Work to complete: Return only the lines running from the one that contains "Die Wohnung erstreckt" through the end of the entries, exactly, both ends included. Omit pictures.

Material for this exercise:
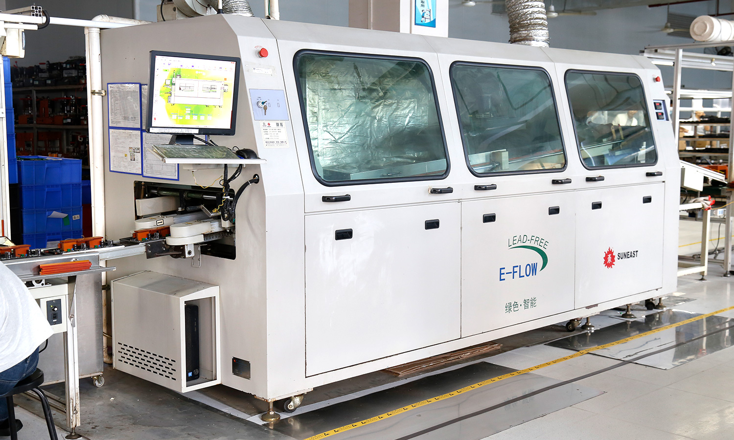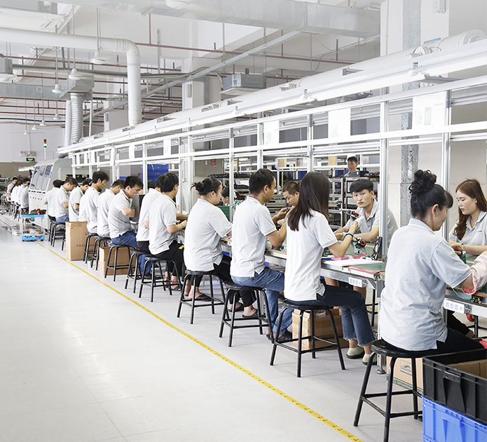 现有组装流水线2条现代化的生产线(可随时扩成4条),对太阳能控制器,逆变器,储能、工业降噪耳机、等工业产品组装经验丰富 ;能够生产绝大部分的数码电子产品,极强的综合生产能力,日产能达到1万PCS以上。防静电PVC空调车间,配备有老化房,测试房,成品测试隔音隔离房等,设备先进、完善,可进行各种产品镭雕、组装、老化、测试、包装等生产。
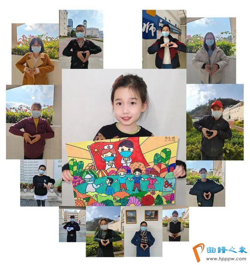 龙外(集团)新亚洲学校二(4)班的陈乐晞,看到老师们和医护工作者的辛勤付出后,画了一幅画表达感谢。随后,在校的安保人员、清洁人员、电力维修人员等职工也用自己独特的方式,致敬奋战于一线的抗疫英雄们:每个人都用手在胸前比划出一个爱心,一颗颗爱心象征着每个温暖的龙外(集团)“新”亚洲人。
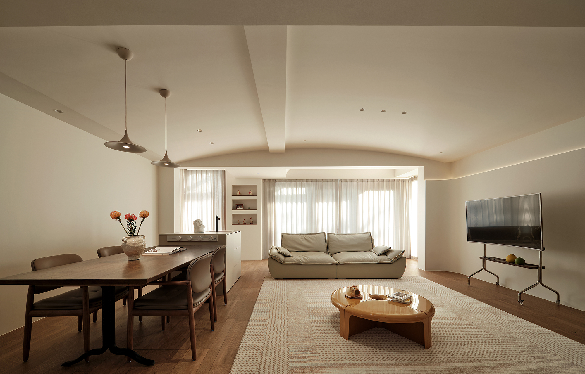 空间意境:客厅弱化空间结构,深度贴合自然风理念,借助顶面与墙面的梁体结构与走向,打造圆弧造型,弧线在此如自然肌理,彻底消解原始梁体的视觉压迫感,同时拉伸空间纵向与横向尺度,营造通透开阔的氛围。
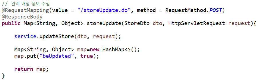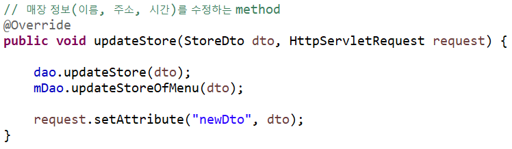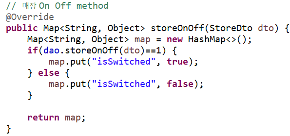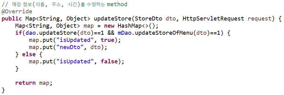 Map 을 service 단에서 처리하는 것은 어려운 일이 아니지만, 의외로 메뉴에 대한 내용을 update 하는 dao method가 있어서 당황했다. 이또한 DB 설계에서의 문제였다. DB의 메뉴 table을 확인해보면 매장의 이름에 대한 column이 존재한다. 당시 필자가 SQL문을 잘 작성하지 못해서 대안으로 DB을 변경하면서까지 오류 없는 기능 수행에만 집중했었는데, 이런 중복은 피하는 것이 좋을 것 같다. 필자가 잘못한 것이다. 일단 query 문으로 인한 update 문이 수행되었는지의 여부에 따라 다른 response를 위해 Map 객체를 service 단으로 가져와서 분기했다.
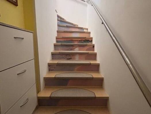Die Wohnung erstreckt sich über 3 Ebenen. Zur Wohnung gehört eine Terrasse im Erdgeschoss sowie Grünteil mit Hecke und Grenzmauern. Das Wohnzimmer besitzt ein Klimagerät.
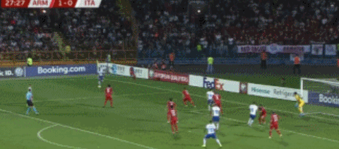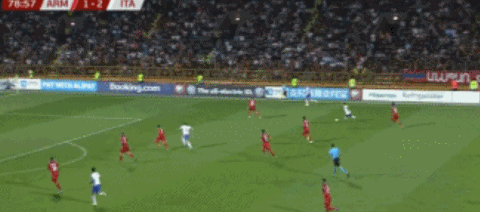 本场比赛意大利的控球率高达68%,全场射门17次,其中7次射正打进3球,而亚美尼亚全队只有3次射正。不过比赛第11分钟却是卡拉佩特扬为亚美尼亚率先进球,第28分钟,贝洛蒂接到埃莫森左路传中后在禁区后点无人防守的情况下近距离垫射破门,帮助意大利1-1扳平。上半场最后时刻卡拉佩特扬两黄变一红被罚下,意大利多一人应战。

Exercise answer:
Die Wohnung erstreckt sich über 3 Ebenen. Zur Wohnung gehört eine Terrasse im Erdgeschoss sowie Grünteil mit Hecke und Grenzmauern. Das Wohnzimmer besitzt ein Klimagerät.
 本场比赛意大利的控球率高达68%,全场射门17次,其中7次射正打进3球,而亚美尼亚全队只有3次射正。不过比赛第11分钟却是卡拉佩特扬为亚美尼亚率先进球,第28分钟,贝洛蒂接到埃莫森左路传中后在禁区后点无人防守的情况下近距离垫射破门,帮助意大利1-1扳平。上半场最后时刻卡拉佩特扬两黄变一红被罚下,意大利多一人应战。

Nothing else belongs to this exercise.